• _Provided information_
• • • • •
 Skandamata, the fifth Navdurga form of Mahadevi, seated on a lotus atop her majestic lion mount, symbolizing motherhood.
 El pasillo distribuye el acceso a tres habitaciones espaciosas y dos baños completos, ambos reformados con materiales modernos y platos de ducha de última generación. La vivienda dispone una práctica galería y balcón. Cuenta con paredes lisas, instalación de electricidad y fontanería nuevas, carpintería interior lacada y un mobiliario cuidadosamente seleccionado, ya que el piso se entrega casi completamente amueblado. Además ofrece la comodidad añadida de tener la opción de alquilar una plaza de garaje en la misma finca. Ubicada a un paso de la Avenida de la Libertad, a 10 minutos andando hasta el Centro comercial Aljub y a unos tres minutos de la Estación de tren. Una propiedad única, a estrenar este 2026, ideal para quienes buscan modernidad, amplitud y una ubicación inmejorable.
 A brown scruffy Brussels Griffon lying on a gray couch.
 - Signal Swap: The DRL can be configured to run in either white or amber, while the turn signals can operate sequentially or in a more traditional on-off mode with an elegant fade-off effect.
• • • • •
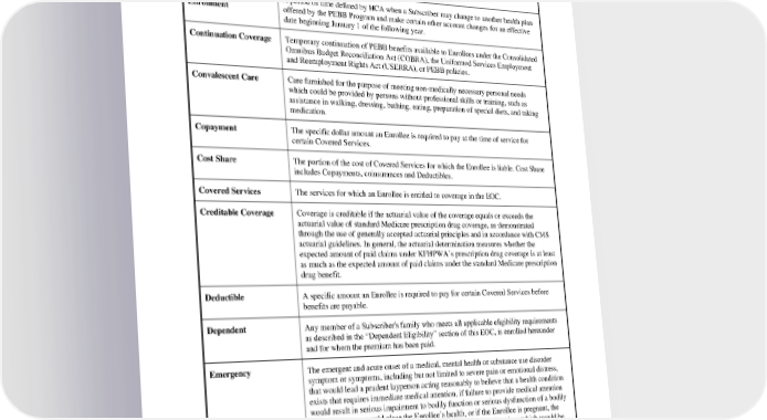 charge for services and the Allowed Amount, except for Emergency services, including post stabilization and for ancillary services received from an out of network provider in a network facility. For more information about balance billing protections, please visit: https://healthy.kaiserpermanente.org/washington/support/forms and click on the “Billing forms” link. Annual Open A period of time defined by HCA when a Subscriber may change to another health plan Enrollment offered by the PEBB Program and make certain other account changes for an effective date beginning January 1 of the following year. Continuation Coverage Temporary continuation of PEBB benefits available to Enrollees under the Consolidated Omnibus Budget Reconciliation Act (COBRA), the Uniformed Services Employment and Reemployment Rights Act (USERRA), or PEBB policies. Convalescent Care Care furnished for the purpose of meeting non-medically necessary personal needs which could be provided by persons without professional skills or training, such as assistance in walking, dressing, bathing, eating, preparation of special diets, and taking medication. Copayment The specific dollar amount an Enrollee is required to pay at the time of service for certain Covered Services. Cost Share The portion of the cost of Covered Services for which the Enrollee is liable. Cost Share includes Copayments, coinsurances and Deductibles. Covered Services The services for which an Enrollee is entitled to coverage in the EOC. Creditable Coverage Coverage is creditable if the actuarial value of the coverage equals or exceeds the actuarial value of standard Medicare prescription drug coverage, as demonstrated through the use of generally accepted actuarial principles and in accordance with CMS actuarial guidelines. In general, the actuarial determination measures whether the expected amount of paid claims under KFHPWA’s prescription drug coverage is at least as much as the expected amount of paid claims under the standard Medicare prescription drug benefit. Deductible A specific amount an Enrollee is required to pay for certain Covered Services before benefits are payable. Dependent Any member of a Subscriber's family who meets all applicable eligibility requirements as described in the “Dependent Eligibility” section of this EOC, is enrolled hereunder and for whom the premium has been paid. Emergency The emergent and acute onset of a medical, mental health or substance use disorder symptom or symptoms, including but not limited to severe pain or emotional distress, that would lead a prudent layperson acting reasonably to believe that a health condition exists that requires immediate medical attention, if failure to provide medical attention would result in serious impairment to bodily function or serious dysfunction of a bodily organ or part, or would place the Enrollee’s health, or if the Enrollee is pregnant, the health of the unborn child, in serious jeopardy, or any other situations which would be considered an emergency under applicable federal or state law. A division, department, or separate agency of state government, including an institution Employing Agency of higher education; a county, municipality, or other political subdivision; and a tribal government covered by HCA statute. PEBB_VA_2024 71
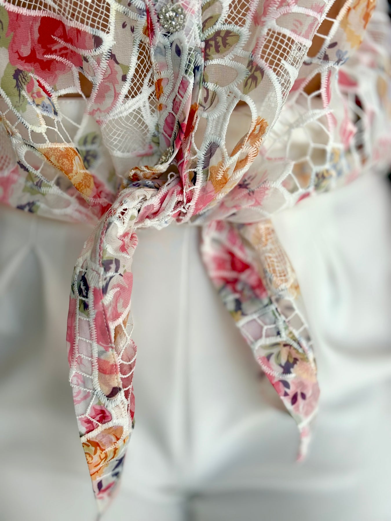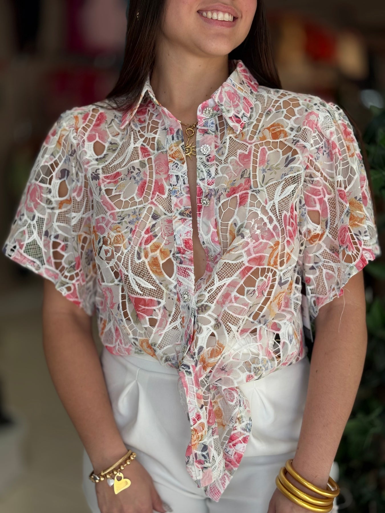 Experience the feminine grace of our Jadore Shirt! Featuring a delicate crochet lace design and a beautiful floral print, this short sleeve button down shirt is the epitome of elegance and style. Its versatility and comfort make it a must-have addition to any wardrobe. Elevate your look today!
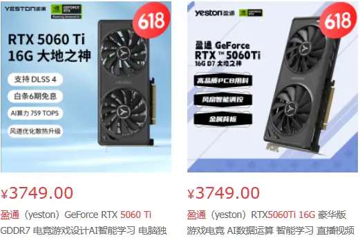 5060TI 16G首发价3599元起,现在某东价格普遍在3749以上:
• • • • •
• _Problem statement_
The range runs from the line with "Skandamata, the fifth" up to and including the line with "A brown scruffy" in the listing above; please write out exactly those lines and nothing more.

• _Task output_
 Skandamata, the fifth Navdurga form of Mahadevi, seated on a lotus atop her majestic lion mount, symbolizing motherhood.
 El pasillo distribuye el acceso a tres habitaciones espaciosas y dos baños completos, ambos reformados con materiales modernos y platos de ducha de última generación. La vivienda dispone una práctica galería y balcón. Cuenta con paredes lisas, instalación de electricidad y fontanería nuevas, carpintería interior lacada y un mobiliario cuidadosamente seleccionado, ya que el piso se entrega casi completamente amueblado. Además ofrece la comodidad añadida de tener la opción de alquilar una plaza de garaje en la misma finca. Ubicada a un paso de la Avenida de la Libertad, a 10 minutos andando hasta el Centro comercial Aljub y a unos tres minutos de la Estación de tren. Una propiedad única, a estrenar este 2026, ideal para quienes buscan modernidad, amplitud y una ubicación inmejorable.
 A brown scruffy Brussels Griffon lying on a gray couch.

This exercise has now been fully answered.